Finding the perfect interior paint color can steal your attention so quickly that you might forget (or overlook) another crucial decision: choosing the best sheen.
So, why is sheen such a big deal?
Well, think of it like picking new tires for your car. If you’re going to be taking high-speed laps at the track on a Saturday, you would choose a tire built specifically for speed. If, on the other hand, you need extra traction for a snowy climate, you would never pick slicks; a knobby snow tire would make the most sense.
In the same way, you need to a pick a sheen that matches the function and purpose of the space you’re painting.
A Closer Look at Interior Paint Sheens
Let’s start with a bird’s-eye view of your options. Sheens range from flat to high-gloss, with satin, eggshell, and semi-gloss in the middle.
Rather than just explain the advantages and disadvantages of each sheen, let’s apply it to spaces in your home that you could potentially be painting.
What Kind of Paint Is Best for a Bathroom?
Typically a semi-gloss or high-gloss paint would be used in a bathroom. Why? Well, higher-gloss paint is more durable, reflective, and stands up well to washing. Bathrooms typically are bright places, and higher moisture levels in the air make a strong, hard paint a real asset.
Especially if you have a dog (or teenager), you know that this is a space that gets messy and wet quickly. It’s nice to have a paint option that you can scrub or dry without a worry in the world.
Which Sheen Should You Choose for Your Kitchen Paint?

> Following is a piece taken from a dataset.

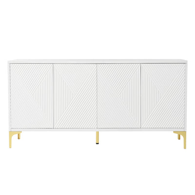 Modern Wood Sideboard Cabinet With Carved Door Panels, Adjustable Shelves, And Sturdy Metal Legs

Kitchens are another high-traffic place that calls for a tough interior paint. A glossier sheen will definitely not be a disappointment, especially since scuffs and marks can be washed off fairly easily (backpack bumps, smudges from hands, etc.).
As a side note, if you need a few tips for cleaning marks off a wall, just take a look here: How To: Clean Painted Walls.
Painting Your Ceiling
Flat paint is typically used for ceilings, mostly because it’s easy to apply, covers blemishes smoothly, and is non-reflective. The downside to flat (or matte) paint is that it’s not very sturdy, allowing it to be easily smudged or damaged.
Since ceilings don’t exactly receive a lot of foot traffic, this isn’t so much of an issue.
Here are a few factors (and a brief recap of what we touched on above) to keep in mind:
- Higher-gloss paint is more shiny and durable
- Higher-gloss paint is more difficult to apply, and it doesn’t cover surface blemishes very easily (it takes an expert hand)
- Higher-gloss paint is easily washed and resistant to smudges
- Lower-gloss paint does cover blemishes well
- Lower-gloss paint can be washed, but this is a process that needs to be completed carefully since it’s not very durable
- Lower-gloss paint absorbs light rather than reflects it
So, which options are used most often as an all-around interior paint? Semi-gloss and eggshell paints are very popular since they provide a middle-ground, with benefits of both sheen extremes.